MATERIAL FOR THIS TASK |
- - - - - - -

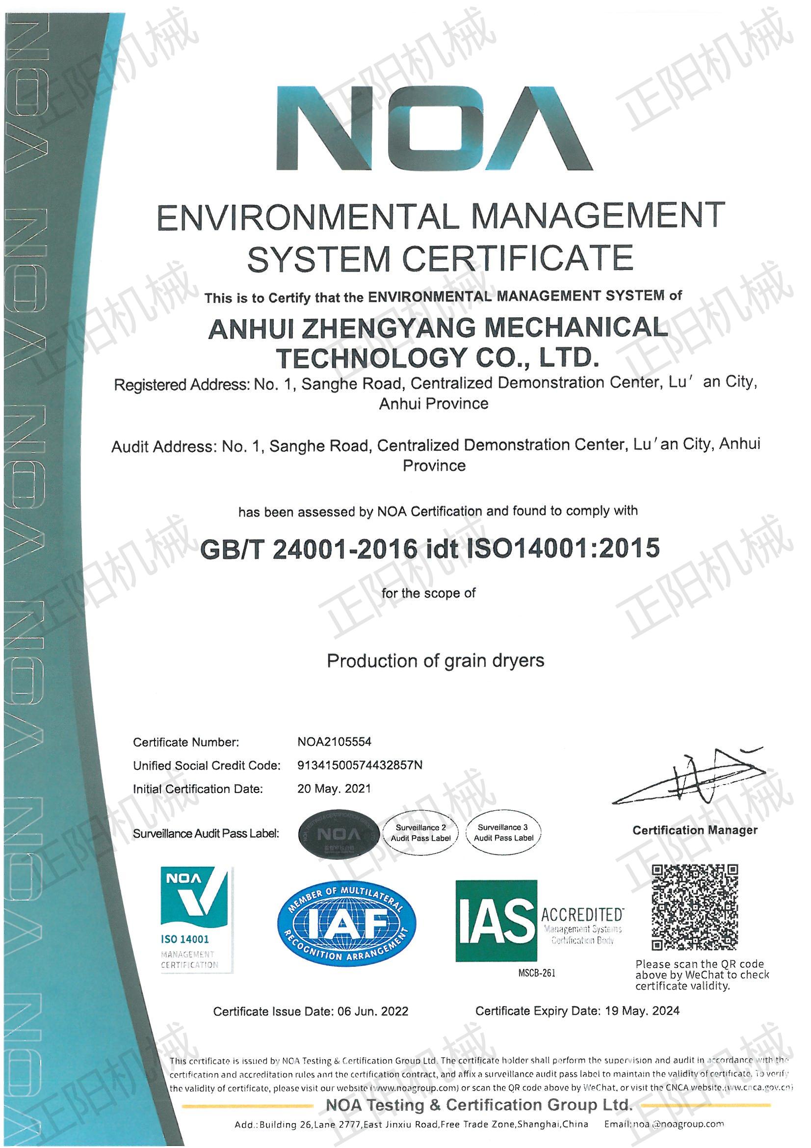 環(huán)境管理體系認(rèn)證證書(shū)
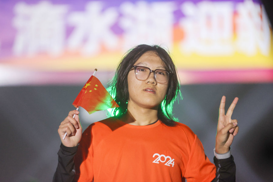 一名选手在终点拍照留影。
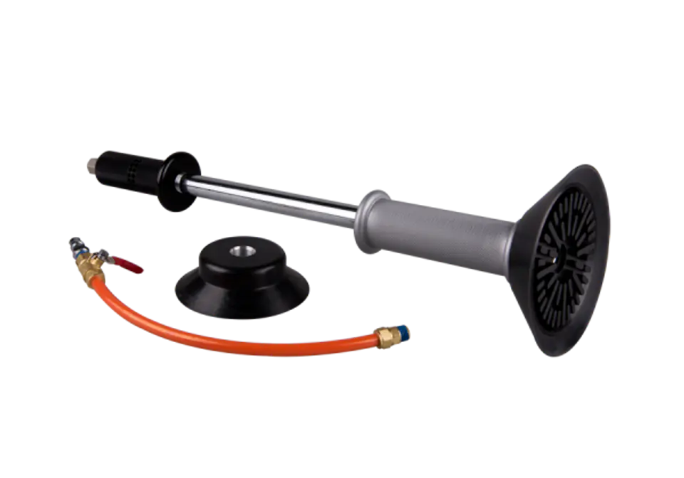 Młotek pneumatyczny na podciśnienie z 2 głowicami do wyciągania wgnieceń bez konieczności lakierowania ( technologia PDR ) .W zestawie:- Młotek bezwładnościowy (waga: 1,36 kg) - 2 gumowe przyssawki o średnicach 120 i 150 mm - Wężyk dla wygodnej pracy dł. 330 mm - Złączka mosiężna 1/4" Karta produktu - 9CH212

- - - - - - -

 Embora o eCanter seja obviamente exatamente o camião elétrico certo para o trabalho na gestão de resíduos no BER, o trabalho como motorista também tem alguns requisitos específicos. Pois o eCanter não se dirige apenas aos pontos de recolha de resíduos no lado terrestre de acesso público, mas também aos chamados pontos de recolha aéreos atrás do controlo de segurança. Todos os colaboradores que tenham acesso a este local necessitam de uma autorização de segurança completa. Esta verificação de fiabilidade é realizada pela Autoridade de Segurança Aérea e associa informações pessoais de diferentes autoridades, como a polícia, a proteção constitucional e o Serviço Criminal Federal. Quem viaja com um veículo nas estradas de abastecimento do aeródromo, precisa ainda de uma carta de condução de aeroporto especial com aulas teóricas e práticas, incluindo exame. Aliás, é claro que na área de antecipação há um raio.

- - - - - - -

Leaving out the pictures, please output the lines in the entries above from the one with "環(huán)境管理體系認(rèn)證證書(shū)" through the one with "Młotek pneumatyczny na", exactly as they are.

OUTPUT OF THE EXERCISE |
 環(huán)境管理體系認(rèn)證證書(shū)
 一名选手在终点拍照留影。
 Młotek pneumatyczny na podciśnienie z 2 głowicami do wyciągania wgnieceń bez konieczności lakierowania ( technologia PDR ) .W zestawie:- Młotek bezwładnościowy (waga: 1,36 kg) - 2 gumowe przyssawki o średnicach 120 i 150 mm - Wężyk dla wygodnej pracy dł. 330 mm - Złączka mosiężna 1/4" Karta produktu - 9CH212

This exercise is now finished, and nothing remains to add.